**Records to process:**

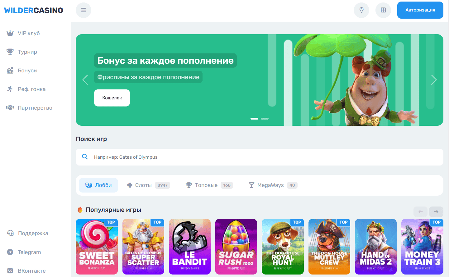 Разделы «VIP-клуб», «Турниры», «Партнёрство» и «Бонусы» добавляют проекту внешнюю солидность. Однако при внимательном изучении условий становится понятно, что WilderCasino не предоставляет юридической информации о лицензии, юрисдикции или регулирующем органе.
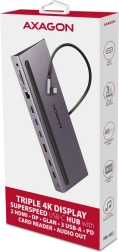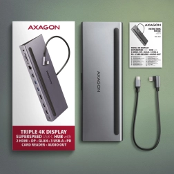 Le puissant hub Axagon HMC-4KX3 permet de connecter trois moniteurs simultanément, chacun avec une résolution allant jusqu'à 4K/30Hz. Grâce à la prise en charge du HDR, vous profiterez d'une palette de couleurs et de contrastes plus étendue. L'interface USB 3.2 Gen 1 permet un transfert de données rapide jusqu'à 5Gb/s, garantissant un travail efficace avec les fichiers.
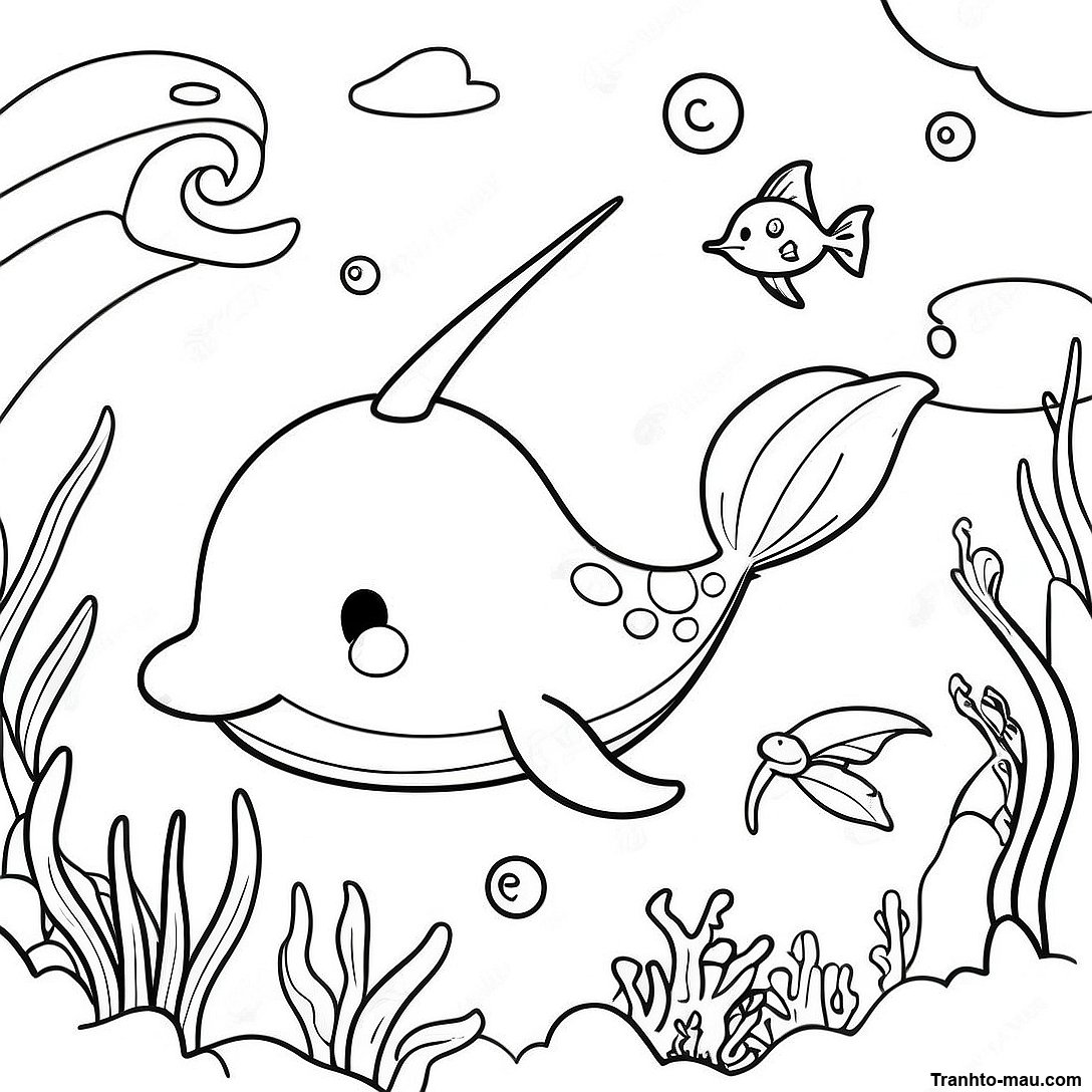 Trang To Mau Narwhal Phieu Luu Duoi Nuoc
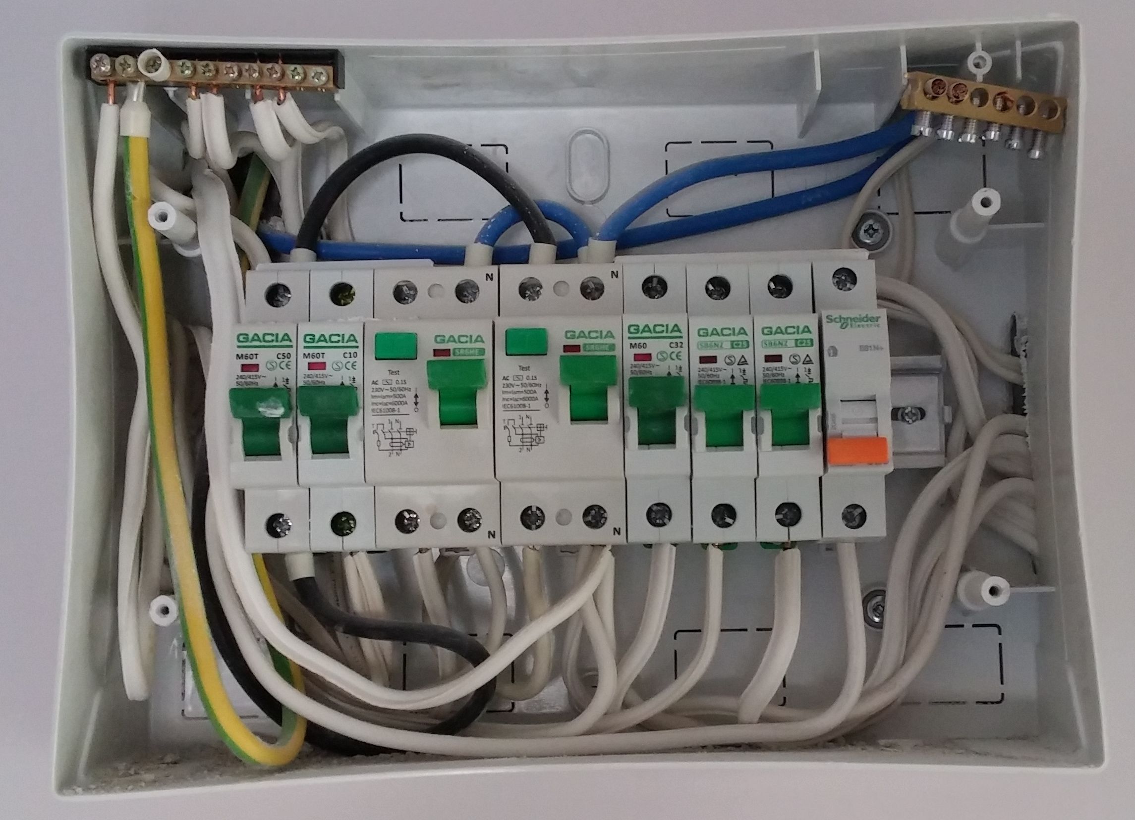 Здравейте - таблото на снимката е монтирано от строителя, предпазителите са китайски, а няколко човека вече ми казаха, виждайки го на снимка, че според тях трябва да се преправи (без да навлизаме в подробности защо, но реакциите бяха по-скоро от типа "Ооууу"). Кръговете ме устройват, имаше едно жужене, което с понатягане на съответния предпазител изчезна и като цяло не е имало проблеми, нито съм чул съседи да се оплакват. Аз се водя по максимата - ако не е счупено, не го оправяй, но все пак говорим за ток - на него веднъж му е нужно мен да ме оправи :-D :-D :-D Пък и ми пуснаха мухата вече... Тъй като моите способности ми стигат да вържа ключ и контакт, но не и печка, например... то въпросът ми е към по-вещите в занаята - дали виждате нещо притеснително, освен феноменталната марка GACIA?
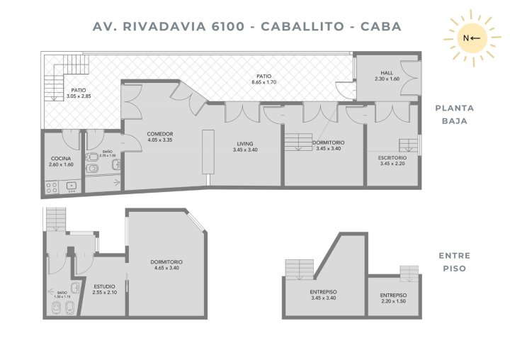 Hall de recepción. Acceso a oficina o 1º dormitorio con entrepiso. Patio cubierto (originalmente descubierto) con paneles de apertura para ventilación. Dormitorio principal con entrepiso. Living de doble altura conectado a comedor con entrepiso. Baño completo. Cocina independiente. Lavadero en patio. En 1er piso: 3er dormitorio, estudio y baño. Estufa TB y 2 aires F/C. Apto profesional. Ubicado en Caballito, cerca de subte A (Carabobo) y Av. Pedro Goyena.
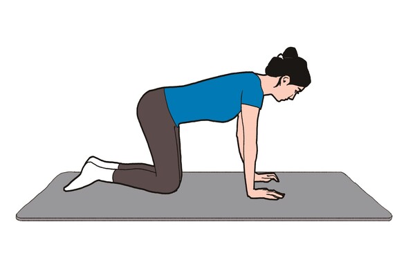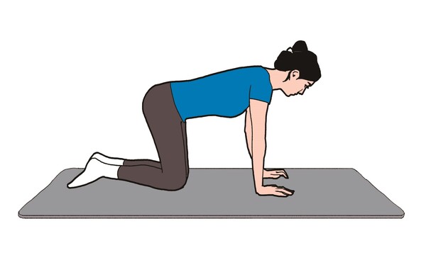 ➊ 무릎을 바닥에 대고 네 발 기기 자세로 엎드린다.

**Instructions to follow:** All lines from the start of the entries above through the line containing "Здравейте - таблото" must be transcribed exactly, both ends included, and no picture may be copied.

**Answer to this exercise:**
 Разделы «VIP-клуб», «Турниры», «Партнёрство» и «Бонусы» добавляют проекту внешнюю солидность. Однако при внимательном изучении условий становится понятно, что WilderCasino не предоставляет юридической информации о лицензии, юрисдикции или регулирующем органе.
 Le puissant hub Axagon HMC-4KX3 permet de connecter trois moniteurs simultanément, chacun avec une résolution allant jusqu'à 4K/30Hz. Grâce à la prise en charge du HDR, vous profiterez d'une palette de couleurs et de contrastes plus étendue. L'interface USB 3.2 Gen 1 permet un transfert de données rapide jusqu'à 5Gb/s, garantissant un travail efficace avec les fichiers.
 Trang To Mau Narwhal Phieu Luu Duoi Nuoc
 Здравейте - таблото на снимката е монтирано от строителя, предпазителите са китайски, а няколко човека вече ми казаха, виждайки го на снимка, че според тях трябва да се преправи (без да навлизаме в подробности защо, но реакциите бяха по-скоро от типа "Ооууу"). Кръговете ме устройват, имаше едно жужене, което с понатягане на съответния предпазител изчезна и като цяло не е имало проблеми, нито съм чул съседи да се оплакват. Аз се водя по максимата - ако не е счупено, не го оправяй, но все пак говорим за ток - на него веднъж му е нужно мен да ме оправи :-D :-D :-D Пък и ми пуснаха мухата вече... Тъй като моите способности ми стигат да вържа ключ и контакт, но не и печка, например... то въпросът ми е към по-вещите в занаята - дали виждате нещо притеснително, освен феноменталната марка GACIA?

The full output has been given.